Blog Post

Internet of Things Blog
7 MIN READ

Azure IoT Operations MQTT Broker: Performance Benchmarking on Throughput and Latency

davidemakenemi's avatar
Jul 02, 2025

1. Introduction

When deploying an MQTT broker in a production environment, understanding its performance characteristics is crucial. Whether you're handling IoT sensor data, real-time event streams, or enterprise messaging, knowing how the broker performs under load helps in optimizing deployments.

In this post, we evaluate the performance of the Azure IoT Operations MQTT Broker (subsequently referred to as Broker for brevity), focusing on:

  • Throughput – How many messages per second the broker can handle.
  • Latency – The time taken for messages to travel from publishers to subscribers.

All tests were conducted using MQTT QoS 1 to ensure consistent balance between reliability and throughput.

By following a structured performance testing approach, we aim to provide insights into how the Broker scales and where potential bottlenecks may arise.

👉 If you're looking for a quick summary, jump to the Key Takeaways section below.

2. Test Setup

For accurate benchmarking, we set up Standard_D4s_v5 virtual machines (VMs) to ensure consistent and efficient message handling. To replicate our performance results, use the same VM SKU and test configuration.

2. 1 Infrastructure configuration

Hardware configuration

  • VM Architecture: x64
  • VM Image: Ubuntu Server 22.04 LTS - x64 Gen2
  • VM SKU: Standard_D4s_v5
  • vCPUs: 4
  • Memory: 16 GiB RAM
  • Networking: All VMs are within the same virtual network (VNet) to minimize latency and reduce external network delays

Software configuration

  • OS Flavor: Ubuntu Server 22.04 LTS
  • Version: 22.04 LTS
  • Kubernetes distribution: K3s
  • Kubernetes version: v1.28.5

2.2 Azure IoT Operation configuration

The Azure IoT Operations configuration defined below is optimized for performance testing and MUST NOT be used in production as TLS encryption, authentication, and diagnostics pods are disabled to reduce variability.

The Broker consists of frontend and backend partitions for optimized message handling: This setup is optimized for a 5-node cluster, ensuring scalability, and redundancy.

Broker Configuration:

  • Frontend:
    • 5 replicas
  • Backend:
    • 5 partitions
    • Redundancy factor of 2
    • 2 workers

Note: Increased redundancy doubles CPU usage, and therefore it also reduces the total available CPU for performing the same workload, potentially impacting overall efficiency.

  • Broker Listener: Configured with a Load Balancer port 1883
  • Broker Nodes: 5 x Azure D4s_v5 VMs (4 vCPUs, 16 GiB memory, Ubuntu 22.04)
  • Client Node: 1 x Azure D16s v5 VM (16 vCPUs, 64 GiB memory for load testing)
    • Note: A more powerful 8-core VM is recommended to prevent the client from becoming a bottleneck, as EMQTT-bench by EMQX has high CPU consumption.

The broker configuration is available in Azure IoT Mqtt Optimization.

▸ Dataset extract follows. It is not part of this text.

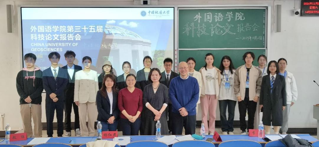 报告会上,参赛团队依次上台,就各自的科技论文主题展开阐述。这些主题涵盖了高校英语专业课程思政、国内科技伦理思想、企业外部环境分析与研究、国产游戏字幕英译研究等多个领域,报告内容丰富新颖、逻辑清晰,使用KAP模式、CiteSpace、“PESTEL模型”、目的论等多种研究方法,提出了许多新颖且有价值的见解。

Json

3. Methodology

To evaluate the performance of IoT Operations MQTT broker we used emqtt-bench, an open source MQTT v5.0 benchmark tool designed by EMQX.   For optimal performance during testing, the inflight queue should be configured to a minimum of 100.

3.1 Client Configuration

For 5-node cluster testing, a dedicated high-performance VM is required to act as the client. This VM must be separate from the cluster to prevent resource contention, ensuring that benchmarking reflects the broker's actual optimal performance.

3.2 Understanding the Performance Metrics

  1. Maximum Throughput – Measures the highest number of messages per second the broker can process.  

Note: Optimal performance requires finding a balance—publishers should send messages fast enough to fully utilize subscribers without overwhelming them.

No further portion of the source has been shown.